Léa Monge Waleryszak, PhD
Plant - Microorganism Molecular Interactions
After graduating high school, I took a few personal years (small jobs, one year of medical school from which I mainly remember how to fill atomic orbitals and the use of nuclear physics in medicine, and travelling alone with my backpack through several European countries). I then decided to follow my passion and went to Toulouse University to study biology. After a Bachelor in Biology of Organisms, Populations & Ecosystems (BOPE), that gave me an integrated view of biological mechanisms, I specialized in molecular biology with a MSc in Plants Adaptation, Development & Improvement in presence of Microorganisms (ADAM). Finally, I obtained my PhD degree from the Department of Plant development, Biotic and Abiotic Interactions.
I first studied the regulation of nodule organogenesis by a TALE transcription factor and a lncRNA in the Sinorhizobium meliloti–Medicago truncatula symbiotic system under the supervision of Dr. Andreas Niebel during my MSc.

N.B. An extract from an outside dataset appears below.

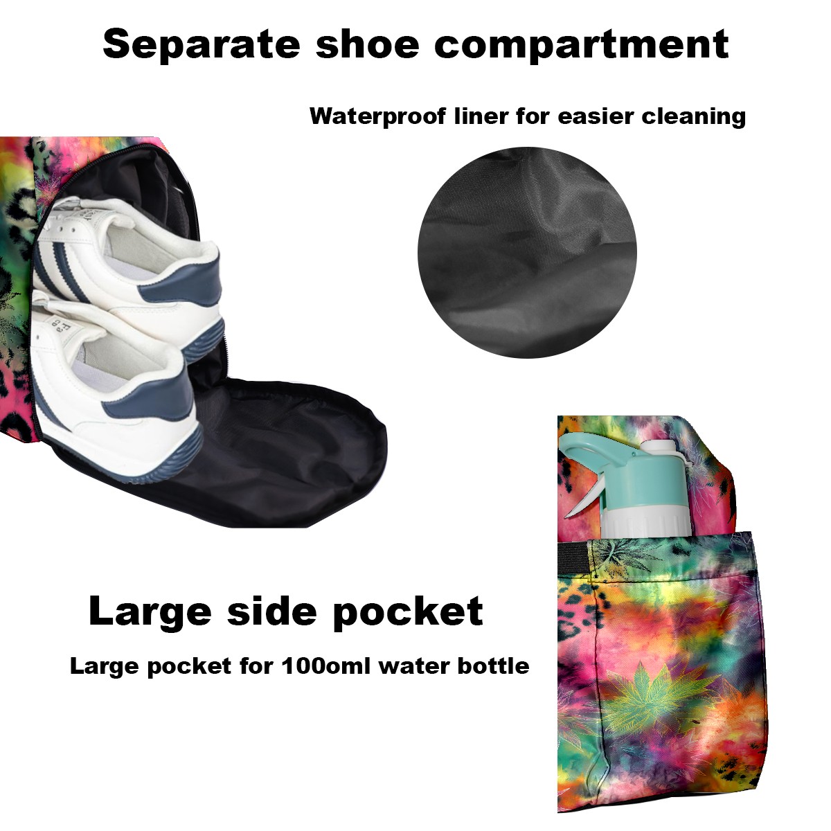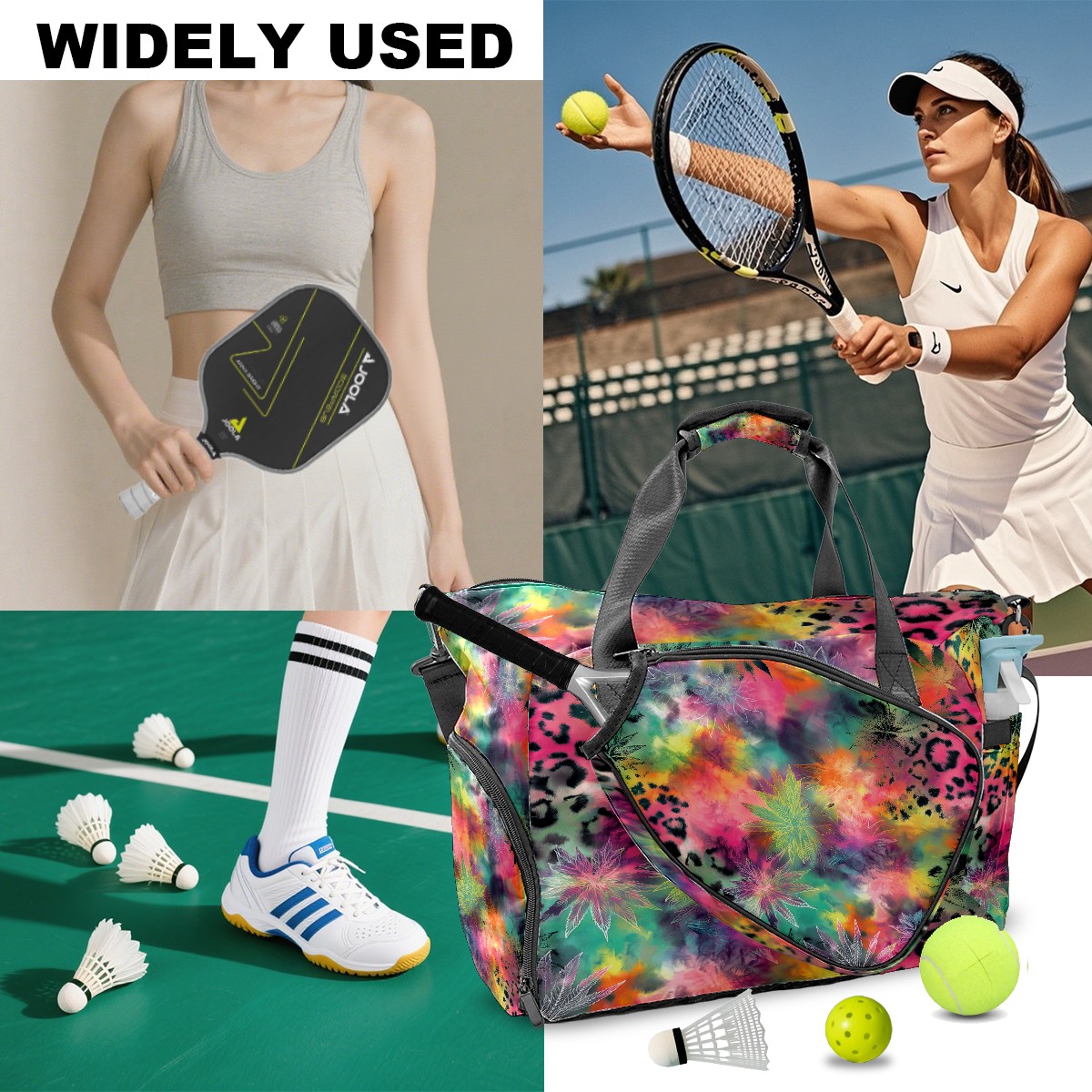 Women's Tennis Bag Large Capacity - Ventilated Shoe Compartment & Waterproof Wet Pocket, Multi-Functional Gym Duffel Bag for Tennis, Yoga, Travel (Multicolor Tie Dye)

I then chose to focus on plant-pathogen interactions and secured a fellowship to develop my PhD project with Dr. Laurent Deslandes (Group leader, PhD co-supervisor) and Dr. Valérie Pacquit (Senior lecturer, PhD co-supervisor). My work focused on understanding the extent of bacterial effectors virulence strategies, with a particular focus on the YopJ effector PopP2 from Ralstonia pseudosolanacearum, known to target WRKY proteins. Based on initial Y2H screenings, we identified and characterized three ARID proteins as additional virulence targets of PopP2, demonstrating that PopP2 can target multiple host proteins that present no sequence similarity (ARIDs and WRKYs). Our findings also suggested a manipulation of chromatin remodelling complexes by PopP2 through ARIDs targeting —a virulence mechanism rarely described for effectors from phytopathogenic bacteria. In addition, we showed that XopJ6, a newly identified effector from Xanthomonas campestris that also targets WRKY proteins and is a close homolog of PopP2, also interacts with at least one ARID protein targeted by PopP2. To further explore the potential diversity of PopP2 and XopJ6 targets, I used proximity labelling to identify their proximal proteomes in the model plant Arabidopsis thaliana. As this work is yet to be published, I won’t go into details, but the proteomes revealed exciting additional potential targets, some of which are shared between the two effectors. Overall, we gained insights into the diverse host functions that could be subverted by these effectors, and shed light on specific and shared virulence strategies employed by PopP2 and XopJ6—two effectors from distinct xylem-colonizing bacteria.